Par mémoire enregistré le 3 avril 2024, la société Maïa Fondations, représentée par Me Vacheron, conclut au rejet de la requête et de toutes les conclusions dirigées contre elle et demande à la cour :
1°) d'annuler le jugement en tant :
- qu'il l'a condamnée à verser à la communauté de communes Porte de DrômArdèche la somme de 133 183,20 euros HT, assortie des intérêts au taux légal à compter du 15 juillet 2020 et de la capitalisation des intérêts à chaque échéance annuelle à compter du 16 juillet 2021 ;
- qu'il l'a condamnée à garantir la SIOAH de la moitié de la condamnation prononcée ;
- qu'il l'a condamnée à verser à la communauté de communes Porte de DrômArdèche la somme de 43 907,16 euros au titre des pénalités de retard contractuelles ;
- qu'il a mis les frais de l'expertise judiciaire, taxés et liquidés à la somme de 19 403,88 euros pour l'expert et à la somme de 6 961,08 euros pour le sapiteur, pour moitié à sa charge, ainsi que 1 500 euros au titre des frais de l'instance.
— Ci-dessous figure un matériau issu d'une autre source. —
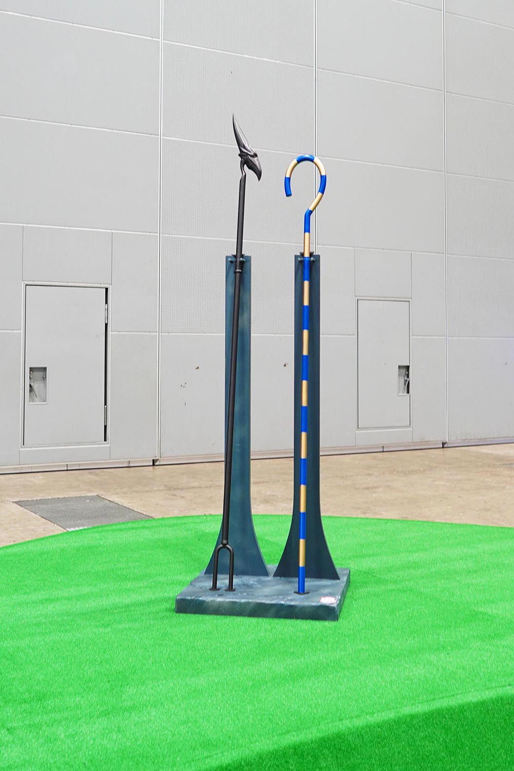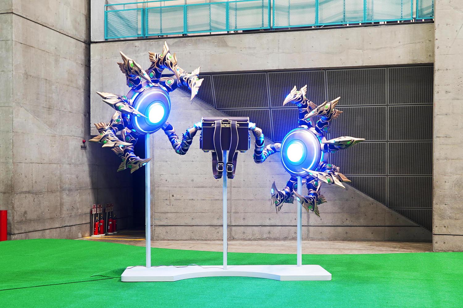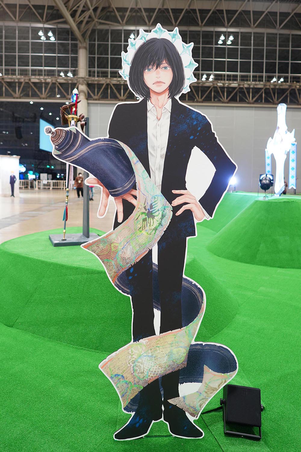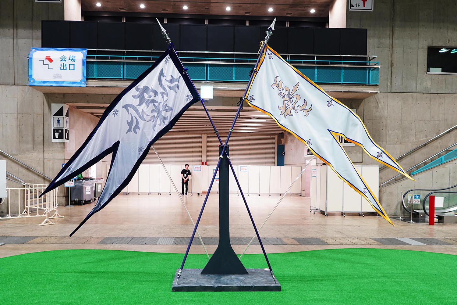 宝具や歴代のフェスメインビジュアルなどが展示された、ギャラリースペース。宝具は等身大の大きさで細部までこだわった作り込みだ。

2°) de condamner la SIOAH à la relever et garantir de toute condamnation prononcée à son encontre ;
3°) de mettre à la charge de la SIOAH et de la communauté de communes Porte de DrômArdèche la somme de 5 000 euros au titre de l'article L. 761-1 du code de justice administrative.
Elle soutient que :
- la SIOAH a commis une faute dès lors qu'elle n'a pas opéré de sondages préalables ni sollicité la réalisation de tels sondages ;
- elle-même n'a pas commis de faute dès lors que les désordres, qui ont pour origine l'état du perré, sont imputables à la communauté de communes ;
- la communauté de communes n'est pas fondée à demander l'indemnisation de la finalisation des travaux, ni d'un préjudice de jouissance ;
- dès lors que la CNR est propriétaire du perré, il lui revient de conserver à sa charge les deux tiers des travaux de réparation ;
- elle ne peut en conséquence se voir condamnée à supporter plus d'un tiers du montant des réparations, soit 38 691 euros après application d'un coefficient de vétusté ;
- elle est fondée à être relevée et garantie par la SIOAH de toute condamnation prononcée à son encontre ;
- dès lors que le décompte général n'a pas été établi, la communauté de communes ne pouvait lui appliquer des pénalités de retard ;
- en tout état de cause, ces pénalités ne pouvaient être appliquées au-delà du 9 mai 2018, date de fin du contrat.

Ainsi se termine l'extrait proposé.